Metadata-Version: 2.1
Name: engineX
Version: 0.5.5
Description-Content-Type: text/markdown
Requires-Dist: requests
Requires-Dist: beautifulsoup4
Requires-Dist: pandas
Requires-Dist: docx2txt
Requires-Dist: langchain
Requires-Dist: langchain-community
Requires-Dist: langchain-text-splitters
Requires-Dist: faiss-cpu
Requires-Dist: numpy
Requires-Dist: Pillow
Requires-Dist: pytesseract
Requires-Dist: PyPDF2


# SynapseAI

SynapseAI is a Python package for semantic search in PDF documents and web pages. It allows users to extract relevant information from PDFs and websites based on natural language queries.

## Installation

You can install SynapseAI using pip:

```bash
pip install synapseai
```

## Usage

synapseai provides two main functions: `process_pdf` for analyzing PDF documents and `crawl_and_query` for searching web pages.

### Processing a PDF

To search within a PDF document:

```python
from synapseai import process_pdf

pdf_path = "path/to/your/document.pdf"
query = "What is the main topic of this document?"

results = process_pdf(pdf_path, query)

for chunk, similarity in results:
    print(f"Similarity: {similarity:.4f}")
    print(f"Chunk: {chunk[:200]}...")
    print("-" * 50)
```

### Crawling and Querying a Web Page

To search the content of a web page:

```python
from synapseai import crawl_and_query

url = "https://example.com"
query = "What services does this website offer?"

results = crawl_and_query(url, query)

for chunk, similarity in results:
    print(f"Similarity: {similarity:.4f}")
    print(f"Chunk: {chunk[:200]}...")
    print("-" * 50)
```

Both functions return a list of tuples, where each tuple contains a relevant text chunk and its similarity score to the query.

## Configuration

synapseai can be customized by modifying the `config.py` file in the package directory. Here are the available configuration options:

### Embedding Model

- **Variable:** `EMBEDDING_MODEL`
- **Default:** `"sentence-transformers/all-MiniLM-L6-v2"`
- **Description:** The name of the Hugging Face model used for text embeddings.

### Text Chunking

- **Variables:** `CHUNK_SIZE` and `CHUNK_OVERLAP`
- **Defaults:** `CHUNK_SIZE = 1024`, `CHUNK_OVERLAP = 80`
- **Description:** Control how the text is split into chunks for processing.
  - **CHUNK_SIZE:** Maximum number of characters in each chunk.
  - **CHUNK_OVERLAP:** Number of characters that overlap between consecutive chunks.

### Search Results

- **Variable:** `TOP_K_RESULTS`
- **Default:** `5`
- **Description:** The number of top results to return from the semantic search.

### How to Modify Configuration

To change these settings, locate the `config.py` file in your synapseai installation directory and edit the values.
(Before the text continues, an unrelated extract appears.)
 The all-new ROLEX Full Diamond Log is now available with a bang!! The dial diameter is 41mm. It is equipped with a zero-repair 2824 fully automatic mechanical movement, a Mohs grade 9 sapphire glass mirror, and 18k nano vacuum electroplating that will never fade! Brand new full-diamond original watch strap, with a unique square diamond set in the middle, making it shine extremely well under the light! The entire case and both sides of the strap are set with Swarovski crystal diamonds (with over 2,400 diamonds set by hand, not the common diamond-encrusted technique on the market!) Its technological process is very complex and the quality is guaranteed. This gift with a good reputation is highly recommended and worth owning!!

For example:

```python
# config.py

EMBEDDING_MODEL = "sentence-transformers/all-mpnet-base-v2"
CHUNK_SIZE = 2048
CHUNK_OVERLAP = 100
TOP_K_RESULTS = 10
```

After modifying the config file, restart your Python environment or reload the synapseai package for the changes to take effect.
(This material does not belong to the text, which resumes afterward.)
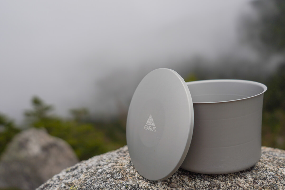 GARUD「kanamari400」は超軽量で調理のしやすい極薄アルミ合金製のリッド付きクッカー。当時「軽量ギアでのキャンプ」という自分のスタイルに合うアイテムがなかなか見当たらなかったことから「なければ自分で作ってしまおう」と開発したのがきっかけで誕生。市場に並ぶ軽量なクッカーといえば多くはチタン製ですが、kanamari400 は「超軽量でもご飯をおいしく炊きたい」というこだわりを追求し、あえて熱伝導率の低いチタンではなくアルミニウム合金を採用。限界まで薄く加工することで本体は31g、リッドは10gと極めて軽量なクッカーを実現しました。耐熱プラスチック容器「Ziploc」のスクリューロックコンテナの中に収まり、収納袋を必要とせず持ち歩くことが可能。

### Viewing Current Configuration

You can view the current configuration settings in your Python script or interactive session:

```python
import synapseai

synapseai.print_config()
```

This will display the current values of all configuration options.

## Examples

### Analyzing a Research Paper

```python
from synapseai import process_pdf

pdf_path = "research_paper.pdf"
query = "What are the key findings of this research?"

results = process_pdf(pdf_path, query)

print("Key findings from the research paper:")
for chunk, similarity in results:
    print(f"Relevance: {similarity:.2f}")
    print(chunk)
    print("-" * 50)
```

### Extracting Information from a Company Website

```python
from synapseai import crawl_and_query

url = "https://www.company.com/about"
query = "What is the company's mission statement?"

results = crawl_and_query(url, query)

print("Company mission statement:")
for chunk, similarity in results:
    if similarity > 0.8:  # Only print highly relevant results
        print(chunk)
        break
```

## Troubleshooting

If you encounter any issues:

- Ensure you have the latest version of synapseai installed.
- Check that all dependencies are correctly installed.
- Verify that the PDF file or URL you're trying to access is valid and accessible.
- If you've modified the configuration, try reverting to default settings.

For persistent issues, please open an issue on our GitHub repository.
https://github.com/FastianAbdullah/Synapse-AI

## License

This project is licensed under the MIT License - see the `LICENSE` file for details.